Exercise brief - Transcribe word for word the section of the records below that opens with the line containing "Il n’y a pas" and closes with the line containing "If extra generators"; drop every picture.

Dataset entries -

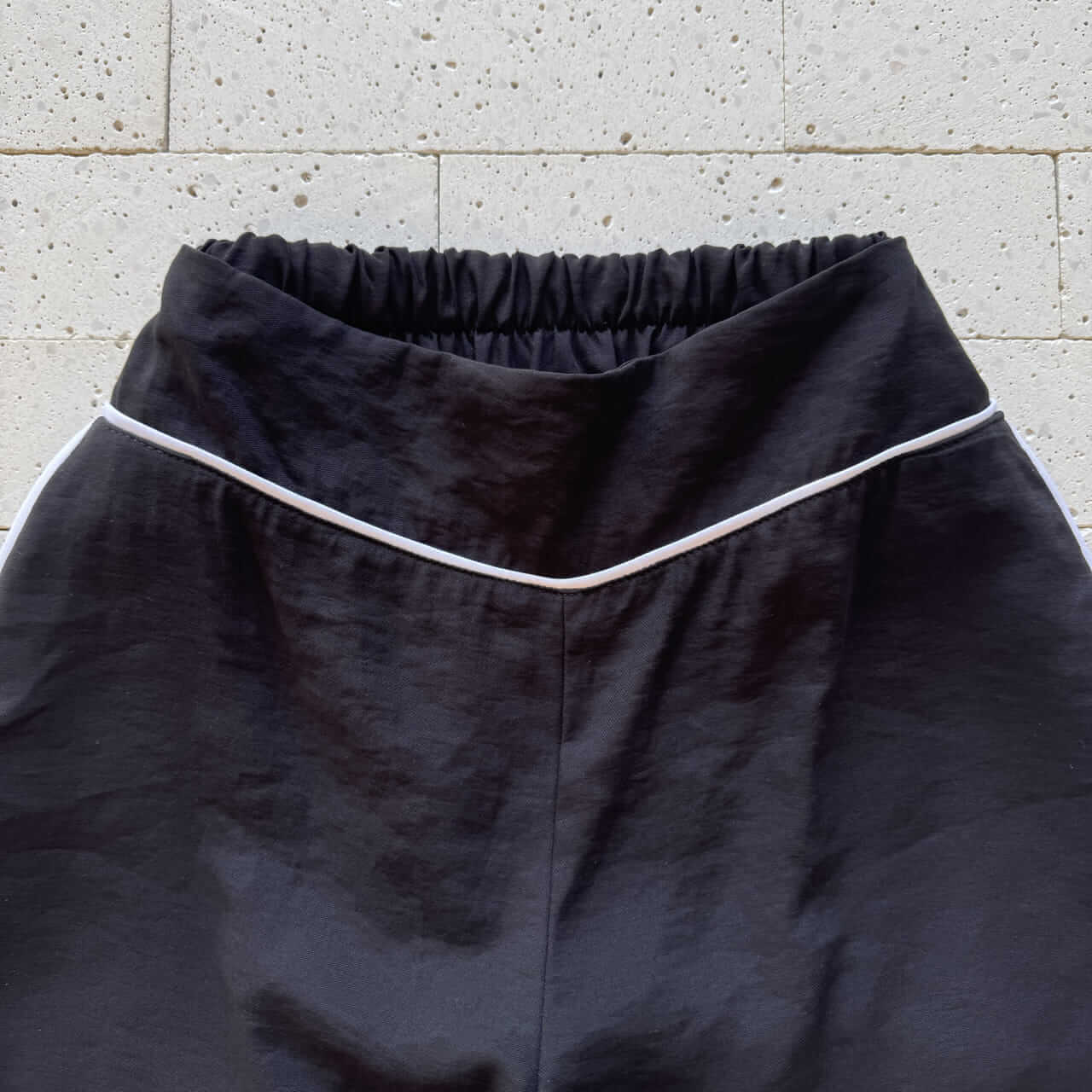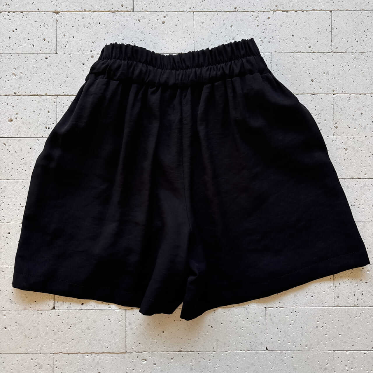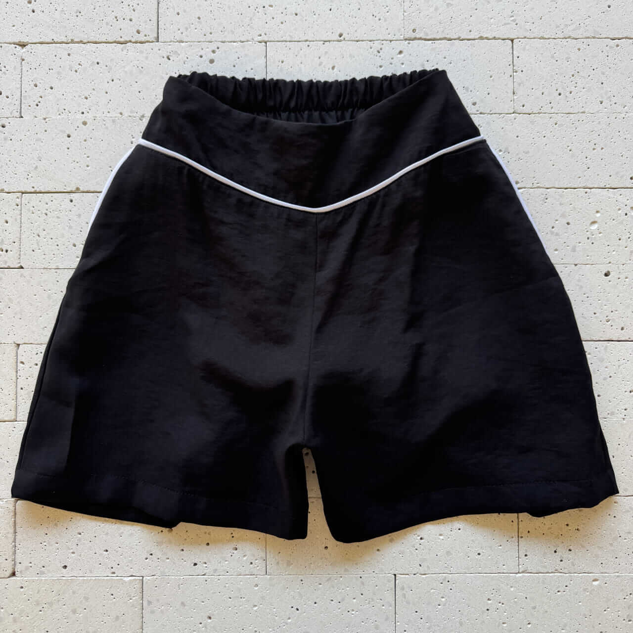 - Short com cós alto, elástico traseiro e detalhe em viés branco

* * *

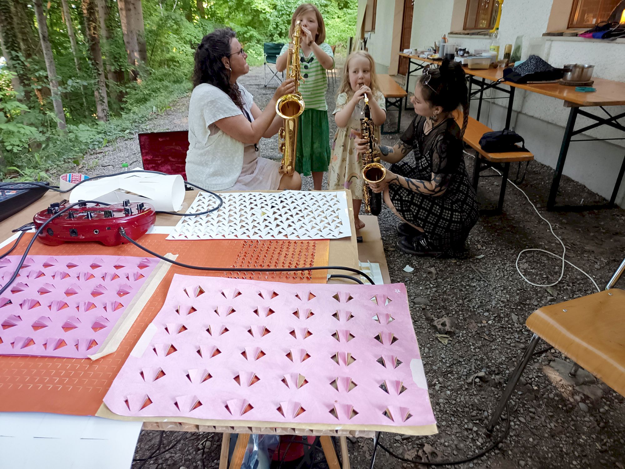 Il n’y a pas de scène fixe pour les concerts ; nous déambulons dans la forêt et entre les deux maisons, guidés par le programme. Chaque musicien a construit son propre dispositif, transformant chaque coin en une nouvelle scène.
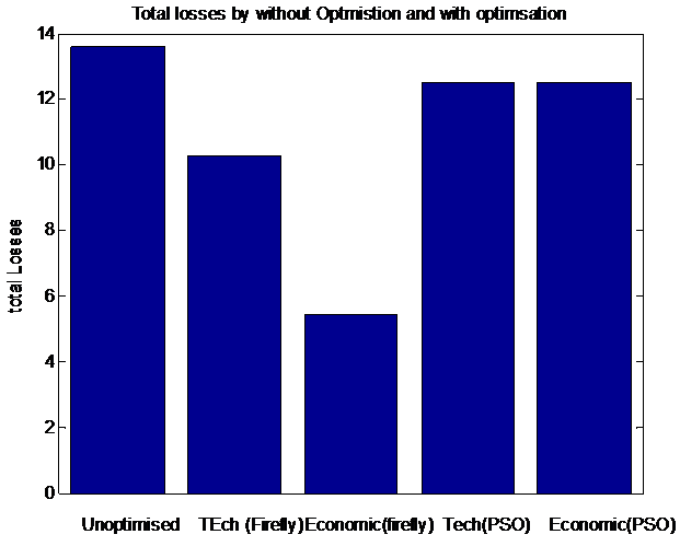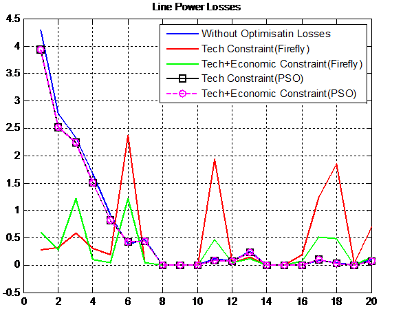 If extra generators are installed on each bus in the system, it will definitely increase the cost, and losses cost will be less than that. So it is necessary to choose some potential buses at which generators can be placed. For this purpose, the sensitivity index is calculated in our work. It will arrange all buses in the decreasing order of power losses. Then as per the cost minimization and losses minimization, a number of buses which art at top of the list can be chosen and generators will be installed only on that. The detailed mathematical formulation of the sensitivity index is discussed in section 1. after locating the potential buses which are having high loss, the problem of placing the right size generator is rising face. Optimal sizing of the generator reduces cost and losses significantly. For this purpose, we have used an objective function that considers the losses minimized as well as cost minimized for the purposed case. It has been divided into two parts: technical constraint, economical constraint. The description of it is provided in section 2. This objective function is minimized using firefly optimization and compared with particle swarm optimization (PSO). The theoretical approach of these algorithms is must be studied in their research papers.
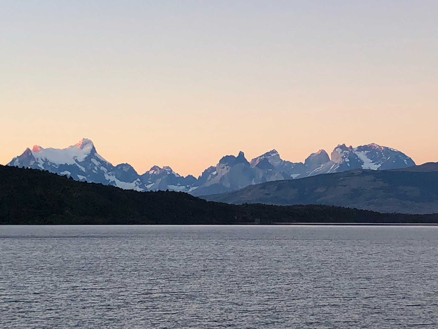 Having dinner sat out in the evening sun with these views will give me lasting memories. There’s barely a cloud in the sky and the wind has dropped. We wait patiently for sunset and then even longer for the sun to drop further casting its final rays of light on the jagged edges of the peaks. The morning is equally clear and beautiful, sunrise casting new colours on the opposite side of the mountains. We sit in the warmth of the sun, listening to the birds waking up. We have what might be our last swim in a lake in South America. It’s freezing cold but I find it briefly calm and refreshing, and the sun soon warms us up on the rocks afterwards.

Solution below -
 Il n’y a pas de scène fixe pour les concerts ; nous déambulons dans la forêt et entre les deux maisons, guidés par le programme. Chaque musicien a construit son propre dispositif, transformant chaque coin en une nouvelle scène.
 If extra generators are installed on each bus in the system, it will definitely increase the cost, and losses cost will be less than that. So it is necessary to choose some potential buses at which generators can be placed. For this purpose, the sensitivity index is calculated in our work. It will arrange all buses in the decreasing order of power losses. Then as per the cost minimization and losses minimization, a number of buses which art at top of the list can be chosen and generators will be installed only on that. The detailed mathematical formulation of the sensitivity index is discussed in section 1. after locating the potential buses which are having high loss, the problem of placing the right size generator is rising face. Optimal sizing of the generator reduces cost and losses significantly. For this purpose, we have used an objective function that considers the losses minimized as well as cost minimized for the purposed case. It has been divided into two parts: technical constraint, economical constraint. The description of it is provided in section 2. This objective function is minimized using firefly optimization and compared with particle swarm optimization (PSO). The theoretical approach of these algorithms is must be studied in their research papers.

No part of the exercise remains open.